Хаяси Рока берёт свою собственную чашку с недопитым
сакэ и, пошатываясь, бредёт к выходу.
На него никто не обращает внимания, солдаты молча пьют тёплую рисовую водку, сидят с закрытыми глазами, переговариваются негромкими голосами.
Русские начали наступление, завтра рота должна занять позиции, отбросить врага и начать немедленное движение на запад. «С верой в наше предначертание и преданность империи мы доведём войну до конца ради сохранения национального духа, защиты императорской земли и достижения наших целей покорения мира» — так решительно заявили генералы в Токио.
***
Он один в середине ночи. На вид ему лет восемнадцать, лицо осунувшееся, но черты его чистые. «Как хорошо!». — Думает юноша, глядя прямо в небо. Он вспоминает строчки тёзки-писателя Токутоми Рока о «вечерних звёздочках, подобных горным лилиям». «Как это важно — увидеть необычное в простых вещах!» Хаяси Рока стоит неподвижно, он видит лучистые звёзды, он слышит голос звонкий, как флейта.
— Воин не может оставить путь воина, даже когда пьёт чай. Студенты-солдаты не могут оставить размышлений, даже когда говорят пушки!
Он поворачивает голову и видит звёзды в глазах с широким разрезом — или глаза, как звёзды, чуть вытянутые к вискам девушки в армейской форме.

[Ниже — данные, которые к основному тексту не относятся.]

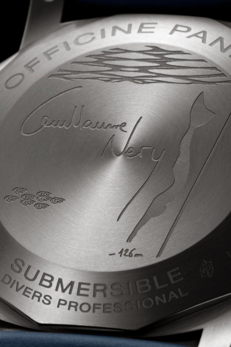 表款採用的是实底盖,虽然无缘看见P.9100机芯的风采,但有失必有得,底盖上刻印了Guillaume Néry的侧身剪影、签名字样以及他所创下126m的数据纪录,充满个人化色彩的设计增添了PAM00982的独特性与收藏意义,至于P.9100机芯不仅具有计时功能,它的动力储存也达到3日链标准,足以应付日常佩戴需求。

— Я солдат! Воин Ямато… Я иду навстречу океану смерти… Чувство, сопряжённое с готовностью умереть ради мечты, идеала, красоты, сильнее страсти к женщине…
— Ах! Так ты самурай! — Говорит девушка, чьи волосы по-прежнему уложены «Бабочкой»
-Итёгаэси — на макушке пробор, по обе стороны закручены колечки. — Но путь самурая не прост… Послушай! Ещё в давние времена, когда твой дед странствовал через горы высокие, через леса полные зверем и птицей, на пути воина…
— Ха-ха-ха! Как смешно ты говоришь! — Смеётся не вполне трезвый Хаяси Рока. — Да! Я знаю эту сказку! Как отправился в дальнюю дорогу самурай, и какая встреча его ожидала… Но хотя мой дед, прежде чем осесть в Токио, и вправду однажды пересёк горы, он никогда не был воином… Рока слюнявит палец и трёт бровь. — Да и ты, кажется, не Кудзуноха — тысячелетняя лиса-оборотень…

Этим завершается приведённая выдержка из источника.